**RECORDS TO PROCESS:**

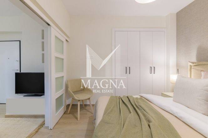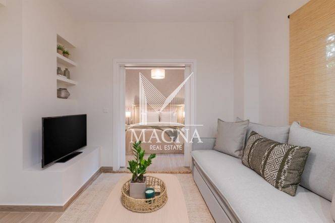 Luxurious apartment, bright semi-basement, 39 sq.m., in Pagrati. It consists of 1 bedroom, living room with open kitchen and bathroom. The property is recently renovated and fully equipped. It is located in a very good location close to transportation and the center of Athens. It is located in an excellent spot, near Kallimarmaro. It operates on Airbnb with a yield of 8.63%.
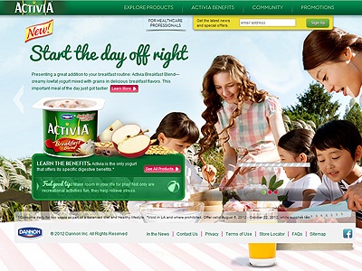 Visit SiteActivia is a brand of The Dannon Company, America's founding national yogurt company. With its strong commitment to high-quality, wholesome, and innovative products, Dannon is a recognized leader for its contributions to nutrition and health. The main goal of the US website is to present the full Activia product portfolio and engage with the Activia community.
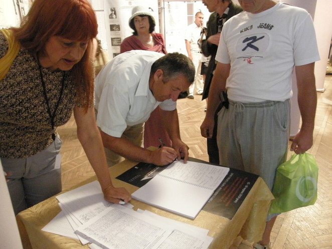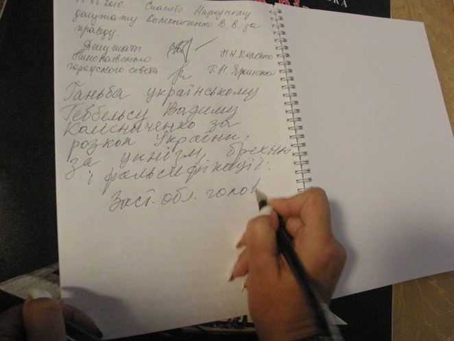 После недолгой беседы пенсионеры все-таки решили пройти в театр, чтобы посмотреть выставку. Там они по очереди оставляли свои записи в книге отзывов, требуя прекратить проведение выставки.
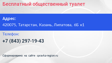 Бесплатный общественный туалет по адресу 420075, Татарстан, Казань, Липатова, 6Б к1 в дальнейшем Организация, размещена в следующих категориях:
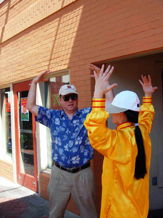 所谓“外行”看热闹,“内行”看门道。虽然法轮功动作简单,但是修炼者散发的“能量场”非常强大。很多对太极气功感兴趣者对能量场比较敏感,可以强烈的感受到;有的则感觉到修炼者举手投足间的祥和、亲切与美好。一边是法轮功在演示功法,另一边就有旁观者喜欢跟着学;更有几位西方人在认真看过法轮功的介绍传单之后,直接来到法轮功学员的摊位购买《转法轮》,并表示要学习法轮功。
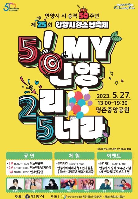 【뉴스라이트 = 이양지 기자】 오는 27일 ‘안양시 청소년의 날’에 평촌중앙공원에서 제25회 안양시 청소년 축제 ‘5! my 안양 2리 5너라’가 열린다.
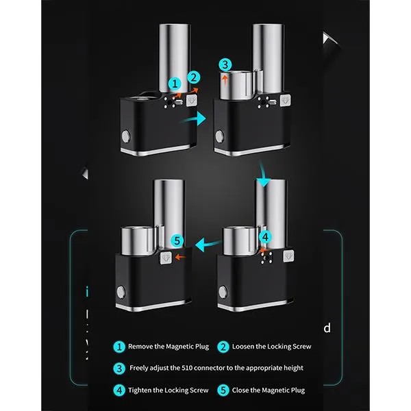 Der höhenverstellbare 510er Anschluss aus Edelstahl erlaubt die präzise Anpassung an den verwendeten Verdampfer. Die Höhe der 510er Base kann bis zu 13.0 mm verändert und mit einer Schraube gesichert werden, die sich hinter einem magnetisch befestigten Edelstahlplättchen mit dem Telli’sMod-Logo befindet. So entsteht eine optisch und funktional harmonische Einheit zwischen Mod und Verdampfer.
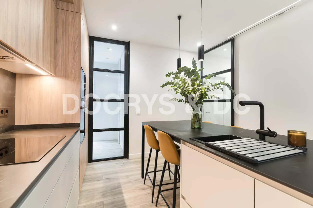 Esta cocina se ubica en una estancia de 14.5 m2 y está abierta al salón, creando un espacio amplio, luminoso y totalmente integrado.
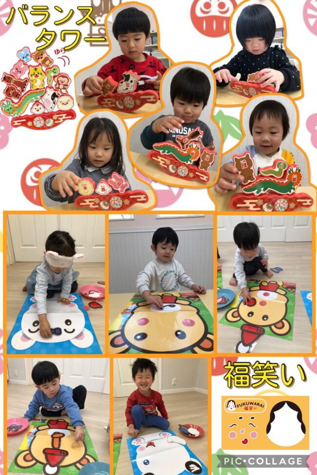 干支のバランスタワーでは、十二支の動物たちを落ちないように工夫をしながら取り組んでいたり、福笑いでは、目隠しをしながら目や口のパーツを置いて、面白い顔が出来上がるとみんなで「面白いお顔になったね」と笑い合って楽しんでいました。
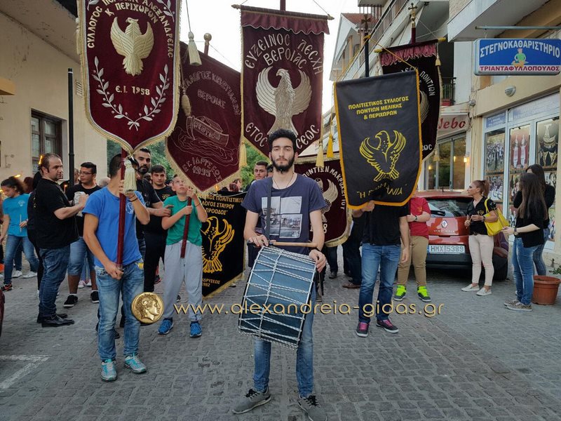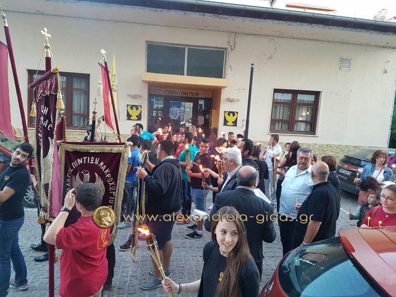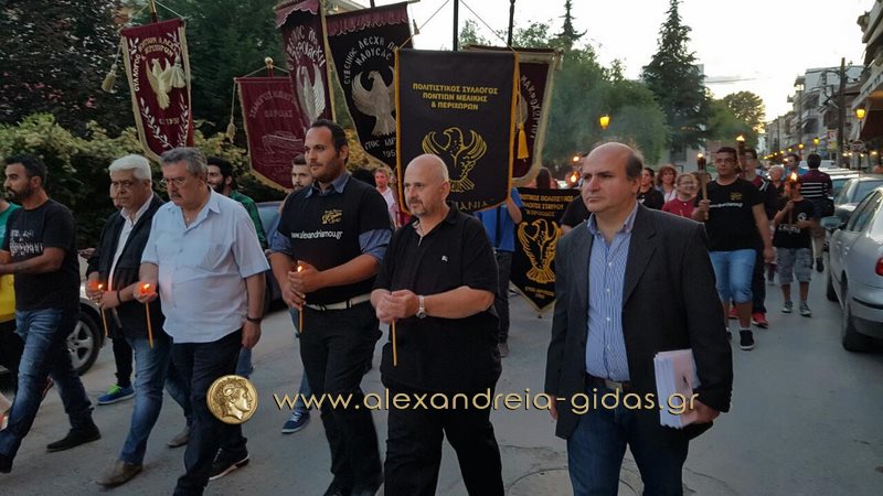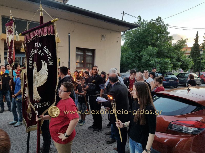Με αναμμένα κεριά, χορευτές και μέλη του Συλλόγου Ποντίων Αλεξάνδρειας και περιχώρων με καλεσμένα μέλη και χορευτές ποντιακών και μορφωτικών συλλόγων από τη Βέροια, τη Νάουσα, το Μακροχώρι και τον Σταυρό, με τη συνοδεία ποντιακής λύρας, πραγματοποίησαν το Σάββατο 14 Μαΐου λαμπαδηδρομία για να τιμήσουν τα θύματα της Γενοκτονίας των Ποντίων.

**WORK TO BE COMPLETED:** Where the material above includes pictures, omit them and retype everything else exactly.

**WRITTEN SOLUTION:**
 Luxurious apartment, bright semi-basement, 39 sq.m., in Pagrati. It consists of 1 bedroom, living room with open kitchen and bathroom. The property is recently renovated and fully equipped. It is located in a very good location close to transportation and the center of Athens. It is located in an excellent spot, near Kallimarmaro. It operates on Airbnb with a yield of 8.63%.
 Visit SiteActivia is a brand of The Dannon Company, America's founding national yogurt company. With its strong commitment to high-quality, wholesome, and innovative products, Dannon is a recognized leader for its contributions to nutrition and health. The main goal of the US website is to present the full Activia product portfolio and engage with the Activia community.
 После недолгой беседы пенсионеры все-таки решили пройти в театр, чтобы посмотреть выставку. Там они по очереди оставляли свои записи в книге отзывов, требуя прекратить проведение выставки.
 Бесплатный общественный туалет по адресу 420075, Татарстан, Казань, Липатова, 6Б к1 в дальнейшем Организация, размещена в следующих категориях:
 所谓“外行”看热闹,“内行”看门道。虽然法轮功动作简单,但是修炼者散发的“能量场”非常强大。很多对太极气功感兴趣者对能量场比较敏感,可以强烈的感受到;有的则感觉到修炼者举手投足间的祥和、亲切与美好。一边是法轮功在演示功法,另一边就有旁观者喜欢跟着学;更有几位西方人在认真看过法轮功的介绍传单之后,直接来到法轮功学员的摊位购买《转法轮》,并表示要学习法轮功。
 【뉴스라이트 = 이양지 기자】 오는 27일 ‘안양시 청소년의 날’에 평촌중앙공원에서 제25회 안양시 청소년 축제 ‘5! my 안양 2리 5너라’가 열린다.
 Der höhenverstellbare 510er Anschluss aus Edelstahl erlaubt die präzise Anpassung an den verwendeten Verdampfer. Die Höhe der 510er Base kann bis zu 13.0 mm verändert und mit einer Schraube gesichert werden, die sich hinter einem magnetisch befestigten Edelstahlplättchen mit dem Telli’sMod-Logo befindet. So entsteht eine optisch und funktional harmonische Einheit zwischen Mod und Verdampfer.
 Esta cocina se ubica en una estancia de 14.5 m2 y está abierta al salón, creando un espacio amplio, luminoso y totalmente integrado.
 干支のバランスタワーでは、十二支の動物たちを落ちないように工夫をしながら取り組んでいたり、福笑いでは、目隠しをしながら目や口のパーツを置いて、面白い顔が出来上がるとみんなで「面白いお顔になったね」と笑い合って楽しんでいました。
Με αναμμένα κεριά, χορευτές και μέλη του Συλλόγου Ποντίων Αλεξάνδρειας και περιχώρων με καλεσμένα μέλη και χορευτές ποντιακών και μορφωτικών συλλόγων από τη Βέροια, τη Νάουσα, το Μακροχώρι και τον Σταυρό, με τη συνοδεία ποντιακής λύρας, πραγματοποίησαν το Σάββατο 14 Μαΐου λαμπαδηδρομία για να τιμήσουν τα θύματα της Γενοκτονίας των Ποντίων.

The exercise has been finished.